To begin with, you should have the following environment:
- The Windows Hpc Cluster (1 Head Node, N Compute Node)
- The Hpc App Dev Machine

The Hpc App Dev Machine should have the following software installed:
- Visual Studio 2005/2008
- Hpc Pack 2008 Client Utilities
- Hpc Pack 2008 SDK

Then you should configure you VS environment:
1. Set MPI include dir: VS->Tools->Options->Projects and Solutions->VC++ Directories, for each platform(Win32/X64), choose "Include Files" in "show directories for" dropdown list, add "$(hpc pack 2008 sdk)\include" ($(hpc pack 2008 sdk) is where your hpc pack 2008 sdk is installed)
2. Set MPI library dir: VS->Tools->Options->Projects and Solutions->VC++ Directories, for each platform(Win32/X64), choose "Library Files" in "show directories for" dropdown list, add "$(hpc pack 2008 sdk)\Lib\i386"/"$(hpc pack 2008 sdk)\Lib\amd64" respectively. ($(hpc pack 2008 sdk) is where your hpc pack 2008 sdk is installed)
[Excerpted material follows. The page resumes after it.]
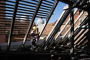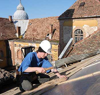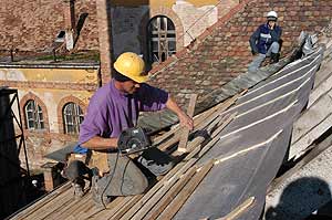 Szűcs Lajos alpolgármester lapunknak elmondta, hogy a költségek fedezésére a város kasszájából különítették el az összeget, míg az önkormányzat tervezi, hogy jövőre pályázatot nyújt be épületgépészet felújítására: az öltözők, a zenekari árok, a mellékhelyiségek rendbetételére. A tetőfelújítás 6 millió 800 ezer forintjába kerül a városnak, de ha már meg van bontva a tető, akkor még a szükséges hófogórácsokat és a villámhárítókat is felszerelik. A fent említett összegben ez nincs benne, de szükségesnek tekintik, hogy ezek is most készüljenek el, hogy a későbbiekben ne kelljen megbontani az új tetőt. Szentes, 2003. 11. 12 . |

Part II - Programming Using MPI APIs in Visual Studio

For those who is new to MPI, here are some basic intro, more info please see[4][5][6]:
1. A MPI application consists of many processes, which is called Task in MPI. All tasks are associated with a unique identifier starts from 0 ... N - 1, which is called Rank in MPI vocabulary. Rank is used to identify the source and target of message passing.
2. MPI is Message-Oriented, not connection/stream oriented.
3. MPI uses Tag to identify message type.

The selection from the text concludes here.